One of the possible genetic determinants is the copy number of a gene, see Figure 1.5(a); such a gene may be duplicated. An extra layer of gene-regulation is provided by methylation of certain nucleotides of the genome (see Figure 1.5(b)). If a nucleotide is methylated, then transcription of the corresponding gene cannot occur; this area of genetics is called epi-genetics. There are different ways of expressing methylation, but the most simple one is a yes or no whether or not a specific site is methylated. At a certain position on the genome, one nucleotide may have been changed (see Figure 1.5(c)). This is obviously binary since there may be a SNP or no SNP at a certain position on the genome. Hence, treating such data in a multiblock fusion setting requires specialised methods, see Chapter 5.
1.4.3 Systems Biology
Taking it one step further in terms of omics measurements, we enter the area of systems biology. The general idea of systems biology is to describe biological systems as a network of interacting biochemical compounds. Often, the interactions in such networks show emerging behaviour which cannot be understood from studying single biochemical compounds (Bruggeman and Westerhoff, 2007).
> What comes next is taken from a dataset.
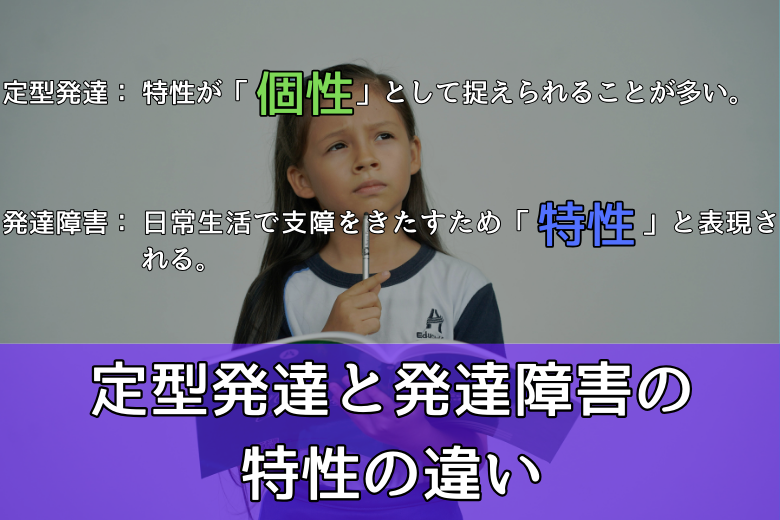 それでは、定型発達の人には特性がないのかという問いに戻ります。実際には、定型発達にも特性は存在しますが、その影響が発達障害の人とは異なるという点がポイントです。ここで、定型発達の方と発達障害の方の特性の捉え方の違いを見てみましょう。

There are basically two approaches to systems biology: top-down and bottom-up (Shahzad and Loor, 2012). In bottom-up approaches, fundamental models are made of parts of biochemical systems and, subsequently, parameters in those models are fitted to data. In top-down systems biology, many types of omics data are collected and these are combined into one holistic analysis. The latter goes under different names: intra- and inter-omics analysis, cross-omics analysis, statistical integration, statistical data fusion to name a few (Tayrac et al., 2009; Richards et al., 2010; Richards and Holmes, 2014). In all these top-down applications, multiblock data analysis is important. See also Elaboration 1.5 for more explanation.
ELABORATION 1.5
Terms in systems biology
Biological networks:In biological organisms, biochemical compounds act together in networks of activity. An example is a metabolic network describing all the conversions taking place in the metabolism of a cell.Bottom-up:Approach in which detailed biochemical knowledge of a biological system is used to build mathematical models of that system (e.g., in terms of sets of differential equations). Such models are necessarily limited in size; they describe only a small part of the system.Emerging property:Property of a system which cannot be understood from its single actors. Temperature is an example of an emerging property of a system containing a large number of molecules that interact.Microbiome:The whole set of micro-organisms in and around a biological host. The gut-microbiome is the most famous example; essential for humans to metabolise food.Top-down:Approach in which many measurements are performed on the same biological system and empirical modelling is subsequently used to model that system. These models usually contain many biochemical compounds but are much less detailed than the bottom-up models.
An intriguing new development in systems biology is to involve microbiome measurements of the biological system (Franzosa et al., 2015). This has sparked many studies in different areas of medicine, such as inflammatory bowel disease (Huang et al., 2014) and cancer (Weir et al., 2013). It is also highly relevant for nutritional and food studies (Jacobs et al., 2009; Van Duynhoven et al., 2010; Moco et al., 2012). In all these cases, the microbiome data are combined with other omics data generating multiblock data analysis problems.